Copy exactly and only the lines running from the one that contains "TZe-241 TZ 18mm" to the final line of the data below, without the pictures.
- Opening Delimiter -
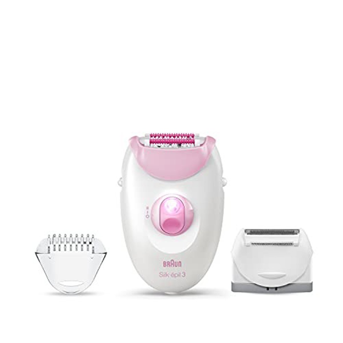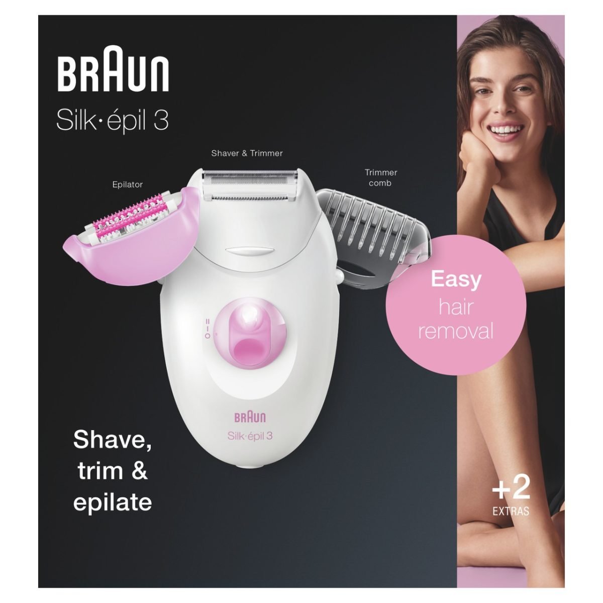 20-Tweezer System The 20 tweezers efficiently remove hairs by the root for long-lasting smoothness. SoftLift Tips The SoftLift Tips lift flat lying hair and guide it to the tweezers for easier removal. Massage rollers The Massage Rollers gently stimulate and massage your skin for even more comfort 2 speed settings Let you choose what s best for your individual skin type and personal beauty routine. Smartlight. Never miss a hair again A special feature of the Braun Silk-pil 3 is the Smartlight. It reveals even the finest hairs so you can make sure they are all gone. For a long, long time. Attachments Shaver head Allows you to use your epilator as a full-fledged dry shaver. Trimmer cap To trim hair in sensitive areas.
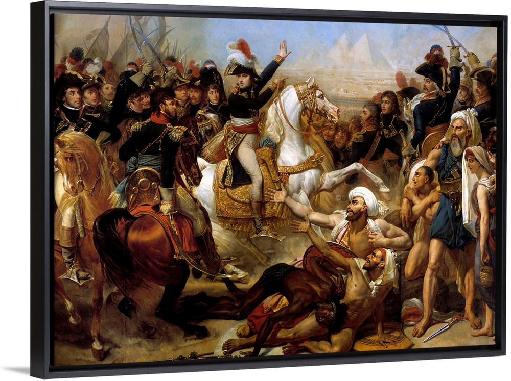 <p>Campaign of Egypt (1798-1801) : Napoleon Bonaparte haranguing the army before the Battle of the Pyramids, July 21, 1798. Painting by Antoine Jean Gros (1771-1835) oil on canvas, 3,89x 3,11 m. Castle Museum, Versailles, France</p>
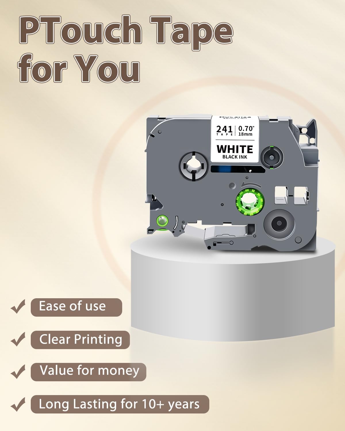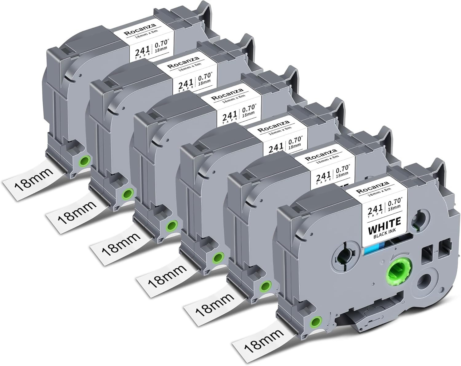 TZe-241 TZ 18mm 0.7 Laminated White Compatible with Brother Label Maker Tape 3/4" PTouch Tape TZe241 Work with Brother P Touch D410 D460BT 2040 1880 1890 E550W P700 P710BT, 6-Pack
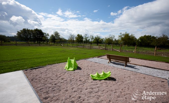 Een van de grootste troeven van deze vakantiewoning is het binnenzwembad. Ongeacht het weer kan je dus altijd een duik nemen. Buiten vind je een ruime privétuin met een schommel en een glijbaan. Voor de speelvogels is er een petanqueveld en een biljarttafel aanwezig. De speelkamer biedt extra vermaak met een air hockey tafel en andere spelletjes.
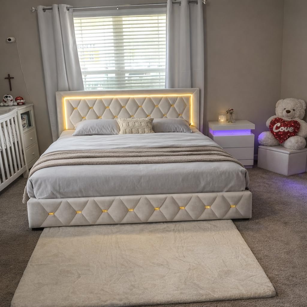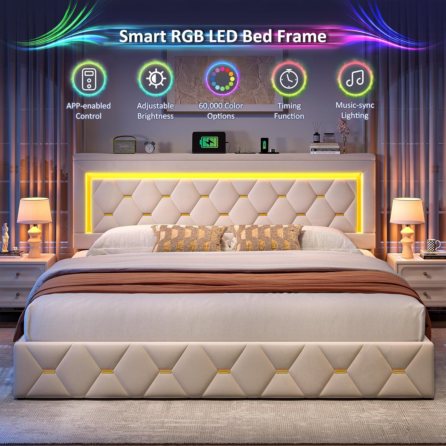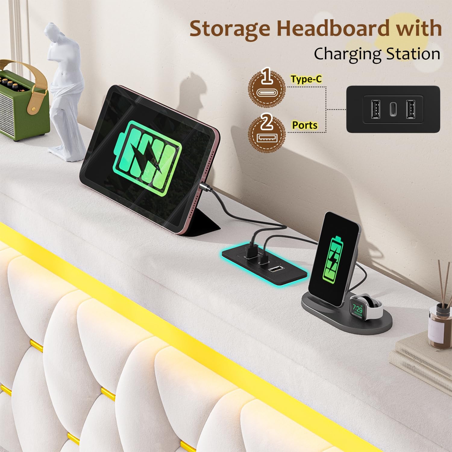 LED Bed Frame with Charging StationKing size bed frame with ambient LED lighting for nightlight or mood settings. Features built-in headboard charging station for wireless powereasily charge phones and earbuds right from bed.
- Closing Delimiter -
Result:
 TZe-241 TZ 18mm 0.7 Laminated White Compatible with Brother Label Maker Tape 3/4" PTouch Tape TZe241 Work with Brother P Touch D410 D460BT 2040 1880 1890 E550W P700 P710BT, 6-Pack
 Een van de grootste troeven van deze vakantiewoning is het binnenzwembad. Ongeacht het weer kan je dus altijd een duik nemen. Buiten vind je een ruime privétuin met een schommel en een glijbaan. Voor de speelvogels is er een petanqueveld en een biljarttafel aanwezig. De speelkamer biedt extra vermaak met een air hockey tafel en andere spelletjes.
 LED Bed Frame with Charging StationKing size bed frame with ambient LED lighting for nightlight or mood settings. Features built-in headboard charging station for wireless powereasily charge phones and earbuds right from bed.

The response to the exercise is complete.